Wednesday, August 15, 2012

Anomalies of the Inferior Vena Cava and Their Clinical Significance


1. Left IVC: joins the left renal vein and crosses anterior to the aorta to join the right renal vein
  • can be mistaken for paraaortic adenopathy
  • report of AAA rupture into the IVC
2. Double IVC: the left IVC ends at the level of the left renal vein which crosses anterior to the aorta to join the confluence of the right IVC/renal vein.
  • suspect if patient has recurrent pulmonary embolism after placement of an IVC filter
3. Azygous continuation of the IVC: above the renal veins the IVC passes posterior to the diaphragmatic crus and continues as the azygous vein which joins the superior vena cava in the right paratracheal region. The hepatic segment of the IVC empties directly into the right atrium.
  • important to consider in cases of a right paratracheal mass 
  • can be mistaken for retrocrural adenopathy
4. Circumaortic left renal vein: two left renal veins are present; the superior renal vein receives the left adrenal vein while the inferior renal vein receives the left gonadal vein.
  • significant during planning of nephrectomy
5. Retroaortic left renal vein: a single left renal vein passes posterior to the aorta
  • recognition during preoperative planning is important
6. Double IVC with retroaaortic right renal vein and hemiazygous continuation of the IVC: confluence of the right renal vein and right IVC crosses posterior to the aorta to join the left IVC and continue cephlad as the hemiazygous vein.
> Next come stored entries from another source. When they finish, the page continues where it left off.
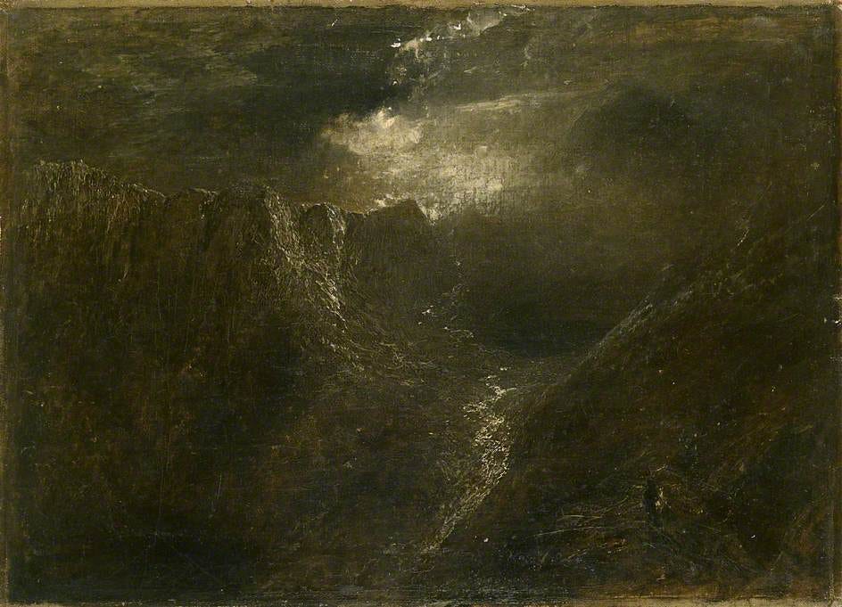 Gimmerton Beck runs between the Grange and the Heights, dividing the two—and the sough (or, ditch) drains from the Blackhorse Marsh into the beck (or, brook). The light from the full moon creates a silvery vapour. Wuthering Heights is obscured; youthful past—her history, which included Heathcliff—is now imperceptible.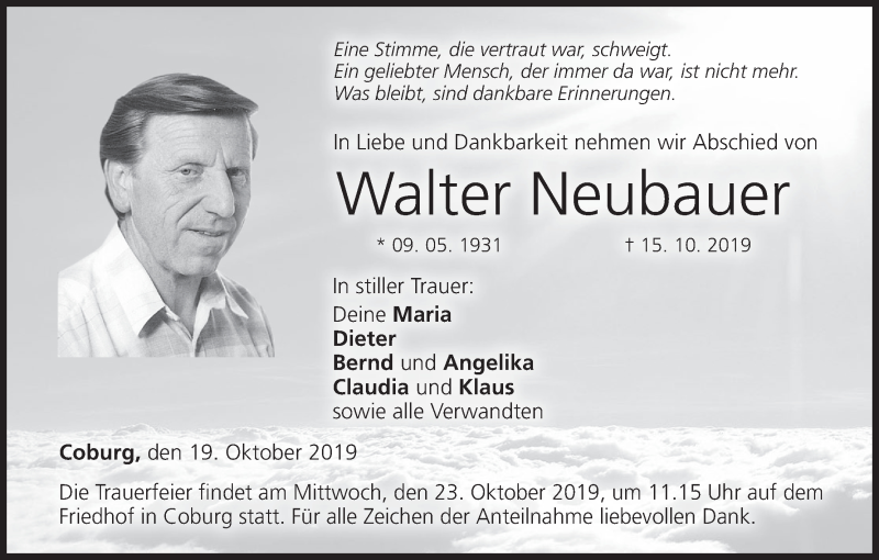 Hier finden Sie alle Traueranzeigen aus der Zeitung, die bisher für Walter Neubauer erschienen sind. Weitere Traueranzeigen, die in der Zeitung erscheinen, werden hier ebenfalls aufgelistet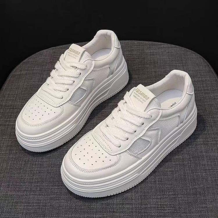 Маленькие белые туфли женские Life на толстой подошве универсальные весенне-осенние маффины 2025 летние сетчатые дышащие новые повседневные спортивные кеды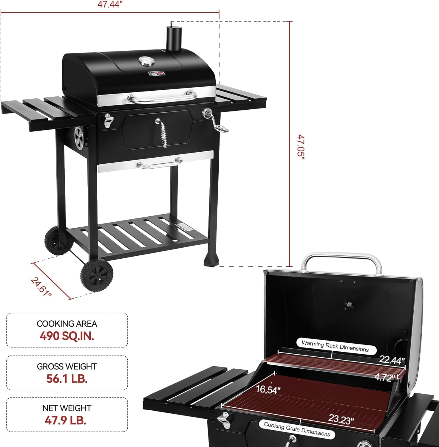 - Ample Cooking Space & Precise Monitoring: This charcoal grill offers a 490 sq. in. total cooking area, with 384 sq. in. porcelain-enameled grates and a 106 sq. in. warming rack, holding up to 22 burgers at once. A built-in thermometer on the lid of this charcoal bbq grill lets you monitor real-time temperatures for perfect grilling
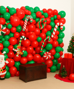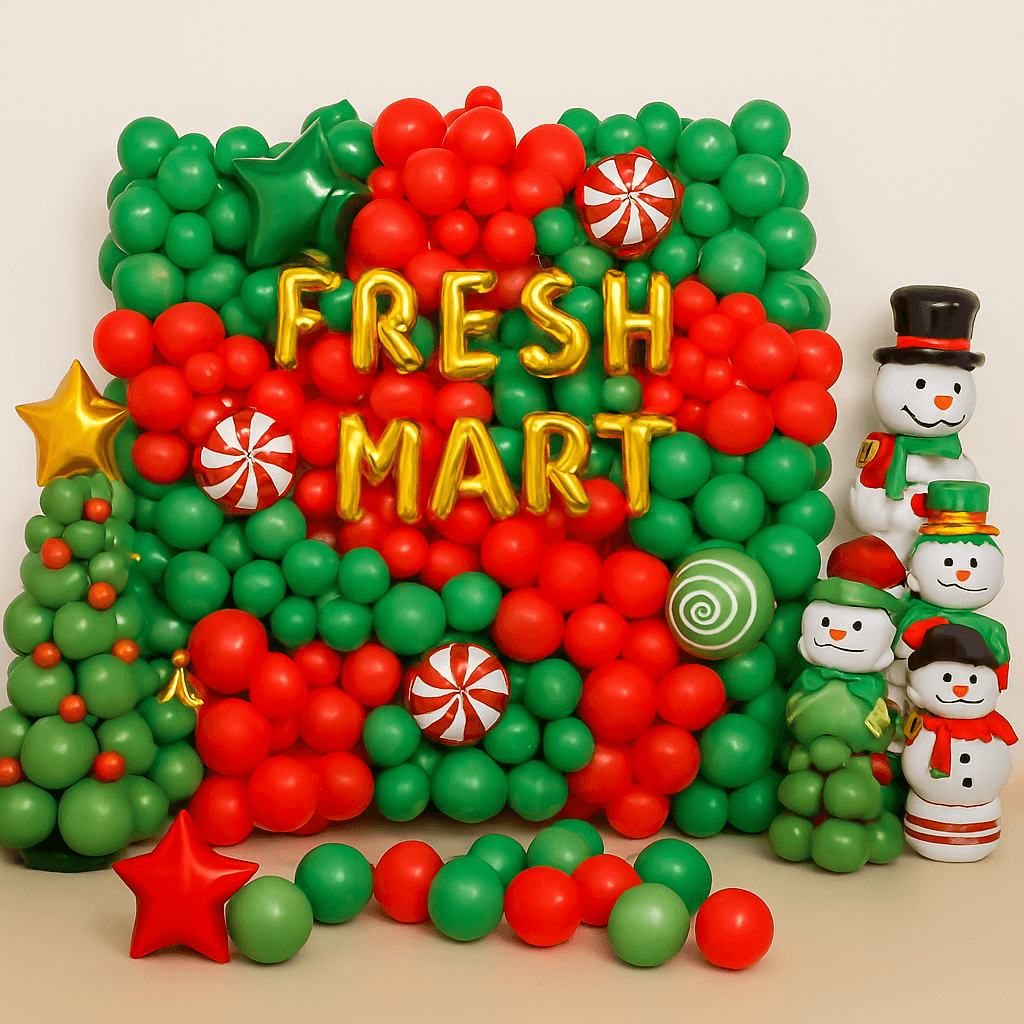 Hear the ringing of bells and enjoy the cheers of Christmas with this fun and festive Christmas Theme Balloon Decoration from Letscelebrate, a perfect addition to make your celebration brighter and merrier for both adults and kids! Whether you’re planning an office party, a school event, or a gathering at home, this Christmas Theme Balloon Backdrop offers the perfect combination of “just enough” charm that you simply can’t say no to. This perfectly curated decor features a wall-pasted backdrop made from Red Latex balloons accented with Dark Green Latex, Light Green Latex, Green Chrome, and Red Polka Dot Balloons. Adding to the festive scene, the backdrop is adorned with an array of foil balloons, including a Candy Cane, an 18″ Round Red Candy, a Christmas Tree, a Santa Claus, a Snowman, and a Deer Foil Balloon, plus free-floating balloons for the floor. This charming Christmas Party Backdrop Decoration Idea is designed to enhance the aura and look of your place anywhere in Delhi NCR. You can easily purchase this decoration online, ensuring you give your family and friends the ultimate Christmas Vibes.

Several collateral pathways for the hemiazygous vein exist in the thorax - hemiazygous crossing posterior to the aorta to join the azygous vein, hemiazygous joining the cardinal vein of the heart via a persistent left SVC, and accessory hemiazygous continuation to the brachocephalic vein
  • hemiazygous collateral pathway may be mistaken for a left mediastinal mass
  • accessory hemiazygous has been reported to be mistaken for an aortic dissection
7. Circumcaval ureter: always occurring on the right, the proximal ureter courses posterior to the IVC and emerges to the right of the aorta and continues anterior to the right iliac vessels.
  • patients may develop partial ureteral obstruction or recurrent urinary tract infections
  • treatment is surgical relocation of the ureter anterior to the IVC
8. Absent infrarenal IVC with preservation of the suprarenal segment: external and internal iliac veins converge as lumbar veins which continue cephlad as the paravertebral collateral veins to join the azygous and hemiazygous. The confluence of the renal veins forms a normal suprarenal IVC.
  • patients may present with symptoms of lower extremity venous insufficiency or idiopathic deep venous thrombosis
  • collateral circulation may mimic a paraspinal mass


REFERENCES

Bass JE, Redwine MD, Kramer LA, et al. Spectrum of congenital anomalies of the inferior vena cava: cross-sectional imaging findings. Radiographics. 2000 May;20:639-52.